Data is generally divided into structured and unstructured data. Structured data refers to the normative and predictable organization of entities and relationships. Most of the data that needs to be processed belongs to unstructured data.
Information extraction has been used in many fields, such as business intelligence, resume harvesting, media analysis, sentiment detection, patent search, and email scanning. A particularly important area of current research is the extraction of structured data from electronic scientific literature, particularly in the biological and medical fields.
The biological/medical literature often involves a variety of complex experimental systems and specific experimental factor processing, as well as the results of various composite experiments produced after these treatments.
At present, the core task of the researchers can be regarded as a three-step cycle: 1) designing the results of the experimental results (based on the previous experimental results) 2) generating these experimental results (including Prepare relevant pre-materials/equipment or other resources) 3) Interpret and communicate with other researchers to produce experimental results (face-to-face format, text (scientific papers)/video and other non-direct contact media formats)
For most researchers, it is required to takes a lot of time to read these scientific papers containing various complex reaction systems and experimental factors (often including misleading or fraudulent interferences). Extract some structured and unstructured data.
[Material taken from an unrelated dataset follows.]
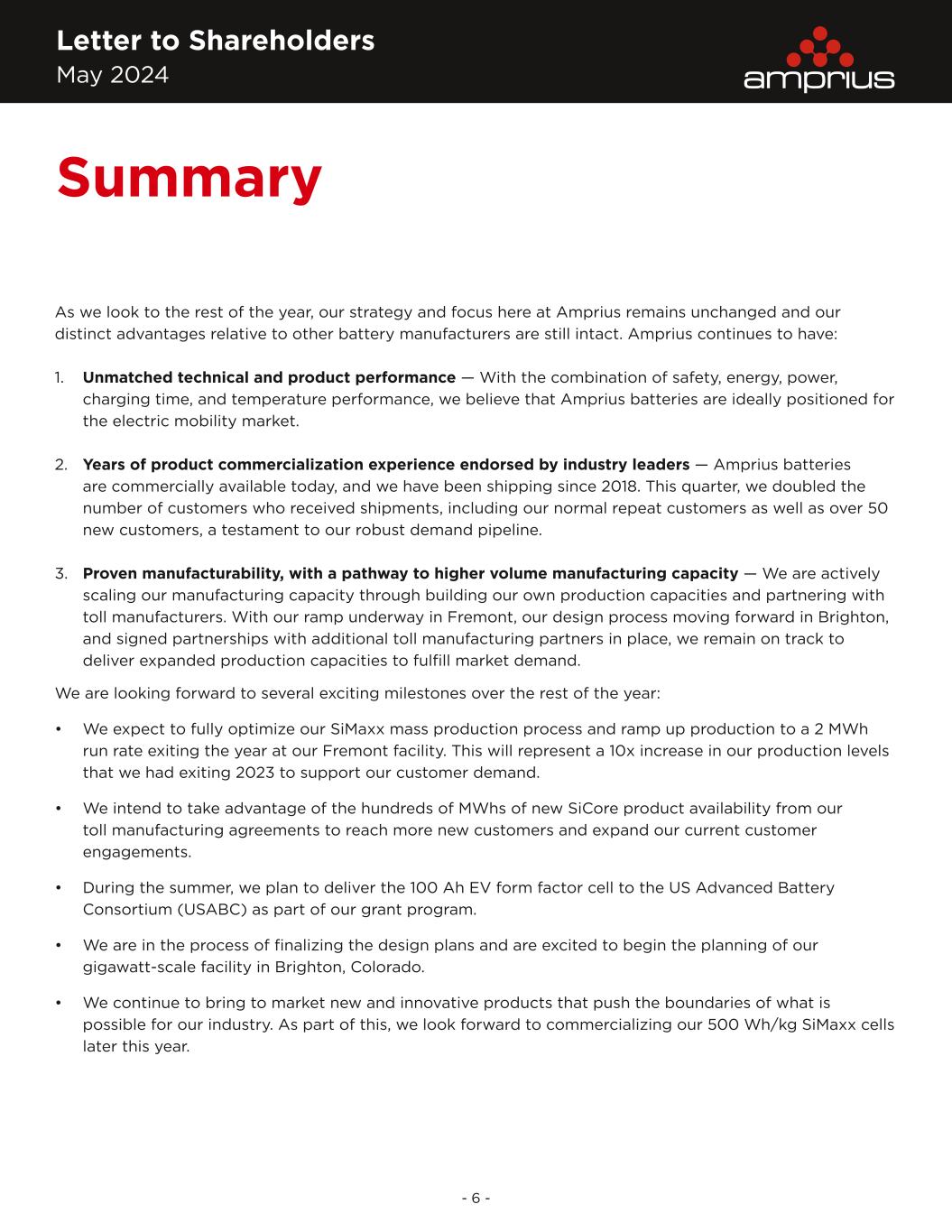 Letter to Shareholders May 2024 - 6 - Summary As we look to the rest of the year, our strategy and focus here at Amprius remains unchanged and our distinct advantages relative to other battery manufacturers are still intact. Amprius continues to have: 1. Unmatched technical and product performance — With the combination of safety, energy, power, charging time, and temperature performance, we believe that Amprius batteries are ideally positioned for the electric mobility market. 2. Years of product commercialization experience endorsed by industry leaders — Amprius batteries are commercially available today, and we have been shipping since 2018. This quarter, we doubled the number of customers who received shipments, including our normal repeat customers as well as over 50 new customers, a testament to our robust demand pipeline. 3. Proven manufacturability, with a pathway to higher volume manufacturing capacity — We are actively scaling our manufacturing capacity through building our own production capacities and partnering with toll manufacturers. With our ramp underway in Fremont, our design process moving forward in Brighton, and signed partnerships with additional toll manufacturing partners in place, we remain on track to deliver expanded production capacities to fulfill market demand. We are looking forward to several exciting milestones over the rest of the year: • We expect to fully optimize our SiMaxx mass production process and ramp up production to a 2 MWh run rate exiting the year at our Fremont facility. This will represent a 10x increase in our production levels that we had exiting 2023 to support our customer demand. • We intend to take advantage of the hundreds of MWhs of new SiCore product availability from our toll manufacturing agreements to reach more new customers and expand our current customer engagements. • During the summer, we plan to deliver the 100 Ah EV form factor cell to the US Advanced Battery Consortium (USABC) as part of our grant program. • We are in the process of finalizing the design plans and are excited to begin the planning of our gigawatt-scale facility in Brighton, Colorado. • We continue to bring to market new and innovative products that push the boundaries of what is possible for our industry. As part of this, we look forward to commercializing our 500 Wh/kg SiMaxx cells later this year.

The experimental results produced in this article correspond to the reaction systems (cell lines, animal models or humans), the specific reaction system and the reaction conditions constitute the number and type of experimental treatment factors (genetic function studies such as the introduction of mutations, Overexpression genes, silencing genes, etc.), the originality of these experimental processing factors under various testing techniques (such as image data; cell morphology; original format of high-throughput sequencing data; cell line survival time, proliferation ability; survival time of mice; five-year survival time of tumor patients); experimental results after treatment of excavation (correlation and interaction of various factors; regulatory network; degree of enrichment, etc.).
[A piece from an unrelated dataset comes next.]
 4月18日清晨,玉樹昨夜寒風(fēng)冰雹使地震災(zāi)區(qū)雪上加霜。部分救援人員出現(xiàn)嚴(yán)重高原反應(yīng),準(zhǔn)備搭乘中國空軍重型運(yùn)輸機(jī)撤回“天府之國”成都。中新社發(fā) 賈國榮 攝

Natural language processing technology is rapidly evolving, making it possible for us to automatically organize and summarize all kinds of information expressed or implied in the scientific literature. Especially in the biological and medical fields, related needs are becoming more and more urgent.
Based on the blueprint of openbiox determined practical projects, the natural language processing and scientific literature information extraction technology learning/practice group will be formally established, and will eventually be responsible for and complete a specific medical literature information extraction practice project.
基于前期 openbiox 的实践项目设想，现正式建立自然语言处理与科学文献信息提取技术学习/实践小组，最终将负责并完成某个特定医学文献信息抽提实践项目。